# non waxed poly resin and sanding



## PG350 (Jan 19, 2012)

You need to seal it off from air for it fo fully cure.


----------



## PG350 (Jan 19, 2012)

You need to seal it off from air for it fo fully cure.


----------



## david_kohler (Jun 29, 2009)

Thanks, but how do sand in-between coats if the resin stays tacky or is it really not that tacky enough to clog the grit of say 80 grit sandpaper?


----------



## cutrunner (Jun 8, 2010)

The whole point of the no wax is so you don't have to sand inbetween coats if you do your next layer within the accepted window of time since the last layer.


----------



## david_kohler (Jun 29, 2009)

If I'm filling a hole and using 3 layers of cloth to build it back up to match the existing and my patch it a little bigger than the whole, I'm used to sanding the patch around the edges to make it match. Will this gum up the paper? It's a painted hull and very thin at that. It would be nearly impossible to get the last patch to lay smooth and at the exact height of the surrounding area. Sorry for the confusion and I really do appreciate the help.


----------



## PG350 (Jan 19, 2012)

I have been told not to sand it cause it will gum up the paper. That is why I bought epoxy. Can someone with more experience chime in please.


----------



## david_kohler (Jun 29, 2009)

> I have been told not to sand it cause it will gum up the paper.  That is why I bought epoxy.  Can someone with more experience chime in please.

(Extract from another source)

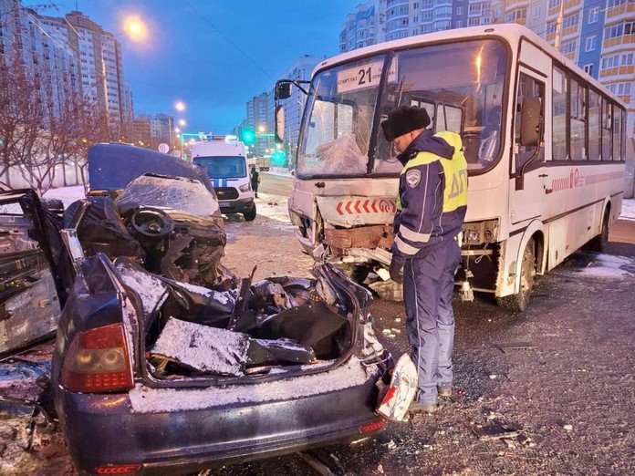 В Красноярске Lada врезалась в автобус, погибли три человека
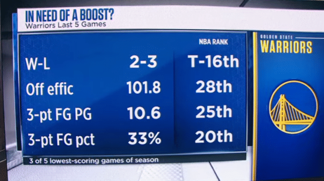 勇士目前状态低迷,确实非常需要汤普森能复出减压。ESPN晒出了勇士近5战的数据,2胜3负,是同期联盟第16位的表现,进攻效率101.8,联盟第28位,场均三分命中数10.6个,联盟第25位,三分命中率33%,联盟第20位。勇士赛季得分最低的5场比赛,有3场出现在这段区间。

I've seen were some have said to add wax to the final coat of poly.

I might tell my friend the only way I'm will to help is with epoxy. I redid my boat with west systems too. I built some parts with poly but did a final coat of epoxy because the rest of my boat was done with it.


----------



## DuckNut (Apr 3, 2009)

Shallow, you will be fine. It might clog some but it won't be like sanding wet caulking.

Although epoxy is a better choice, many boats are repaired using esters.

If the hull is really thin then epoxy might be a poor choice as it flexes differently than ester.


----------



## david_kohler (Jun 29, 2009)

> Shallow, you will be fine.  It might clog some but it won't be like sanding wet caulking.
> 
> Although epoxy is a better choice, many boats are repaired using esters.
> 
> If the hull is really thin then epoxy might be a poor choice as it flexes differently than ester.


Thanks Ducknut, that's the answer I was hoping for. I just keep picturing sanding wet glue.


----------



## Brett (Jul 16, 2008)

You can sand laminating polyester resin.
In fact it's often necessary on many layups, where an air bubble
forms between layers due to uneven tension in different sections
of the woven roving. Can't sand the laminating resin with fine grit.
On the few hulls I've had to re-stringer, a 36 grit disc
on an electric grinder removed the problem and feathered the edges.


----------



## NoeSmyrnaBch (Aug 19, 2013)

i didn't add any wax and I didn't have any real issues with my build. As mentioned, sanding by hand isn't really an option unless you hate your arms...and yes you will go through some paper but its not THAT bad. Like DuckNut said...its not wet...just a little tacky from my experience. Not sure what he's using but I was using the FGCI Boatyard resin.


----------



## DuckNut (Apr 3, 2009)

FGCI as well, all levels of their resins. I do not use their epoxy.


----------